I would like an option to either ignore such matches altogether (maybe list the file name), or possibly to only show some number of characters worth of context around the match. (GH #596)

Enable colorizing of context line separator characters

(Discussion in ack-users)

I tried to set the color of the context line separator characters in ack, but found ack lacks the options to do so. Ack only has support for uncolored separator characters.

The characters I'm talking about are the :, -, and -- characters that decorate the output when you're searching with context lines turned on:

$ ack -H -C 1 z ~/.garbage
/home/me/.garbage
2-bar
3:baz
4-qux
--
25-bar
26:baz
27-qux

I've already implemented this feature in my own repo: https://github.com/h3xx/ack2/tree/feature-color-separator

Options to suppress and/or tabularize line numbers

Consider --[no-?]line-number and --initial-tab for tabular neatness.

I note that Gnu Grep has ​-T​ ​--initial-tab​​ to insert tab after Line Number to make alignments work but does not support the obvious ​--no-line-number override (possibly as --no-filename will do that in the only case that matters for them? ).
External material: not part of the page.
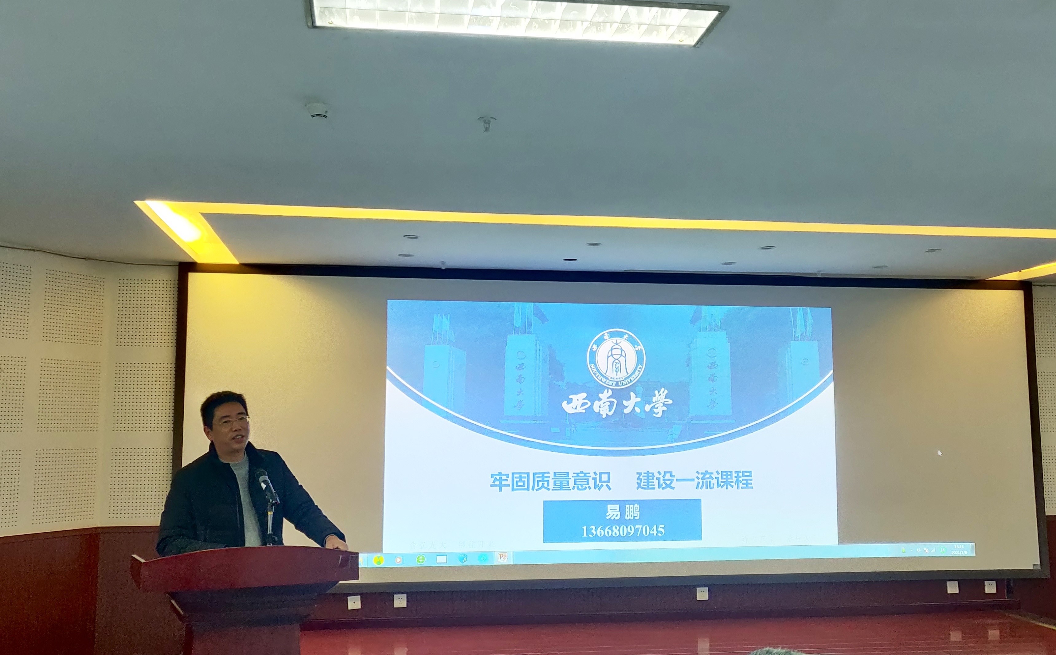 为推进公司本科公司产品改革,提高教师教学能力水平,为扎实推进公司老师的教学能力,落实立德树人的根本任务, 1月8日下午,公司在301学术报告厅召开深化本科公司产品改革报告会,邀请教务处易鹏副处长作“牢固质量意识,建设一流课程” 专题报告,报告会由公司领导主持。

(Right aligning line numbers could also tabularize, but too many edge cases.) (GH #517)

Add a --trim to trim leading/trailing whitespace from output lines

Searching for a term in source files displays matching lines as expected, however it's common for matched lines to start with a large amount of whitespace.

Is it possible to print matching lines with leading whitespace removed? I suppose it would need to be unless the leading whitespace is part of the matching text in the line. (GH #386)

Single-line files just report match or not, if they are big

Various programs produce text files all on a single line. These files can be quite big. If you search them with ack and it finds a match, then it prints the whole file contents.

If a file has just a single line and that line is more than, say, 1000 characters long, then ack should suppress its normal printout of matching lines and just say 'Single-line text file X matches'. (GH #345)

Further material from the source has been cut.